ProShares UltraShort Yen (YCS) Of all the ETFs mentioned on this list, YCS may come with the most simple, obvious reasoning. The yen will close 2012 as the worst-performing developed market currency. Newly elected Japanese Prime Minister Shinzo Abe has pledged to pressure the Bank of Japan to engage in unlimited monetary easing and target two percent inflation.
At this juncture, it appears BoJ will acquiesce to Abe's demands. It is either that or risk losing its independence.
Bullish alternative: ProShares Ultra Yen (YCL).
Direxion Daily Small Cap Bull 3X Shares (TNA) Small-caps have held up quite well in an environment made challenging by politicians' inability to solve the fiscal cliff. The iShares Russell 2000 Index Fund (IWM) has gained 1.7 percent in the past month compared to a loss 0.8 percent for the SPDR S&P 500 (SPY).
That could be a promising sign regarding the chances of a January Effect, the scenario under which small-caps leader a broader market rally to start the new year.
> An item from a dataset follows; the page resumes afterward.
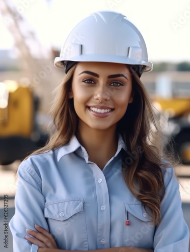 Beatiful confidence woman builder worker in uniform and safety helmet smilling. Labour day.

If small-caps do become a leadership group in the first quarter, then the Direxion Daily Small Cap Bull 3X Shares becomes useful as a short-term trade.
Bearish alternative: Direxion Daily Small Cap Bear 3X Shares (TZA).
ProShares Ultra FTSE China 25 (XPP)To its credit, the ProShares Ultra FTSE China 25 has not deviated too far from double the returns of its unleveraged equivalent, that being the iShares FTSE China 25 Index Fund (FXI). Year-to-date, over the past six months, 90 days and 30 days, XPP has offered just over double the returns of FXI.
That should not change the fact that leveraged ETFs are not intended to be held all year. However, with Chinese equities and plain vanilla China ETFs closing 2012 in strong fashion, XPP merits consideration for the year ahead.
Investors should note that XPP sharply outperformed the Direxion Daily China Bull 3X ETF (YINN) in 2012. The two track different indexes and that likely explains the difference. Both funds are highly risky, but if one can grab better returns with a double-leveraged ETF over a similar triple-leveraged product, that is a deal that should be taken.
Bearish alternative: ProShares UltraShort FTSE China 25 (FXP).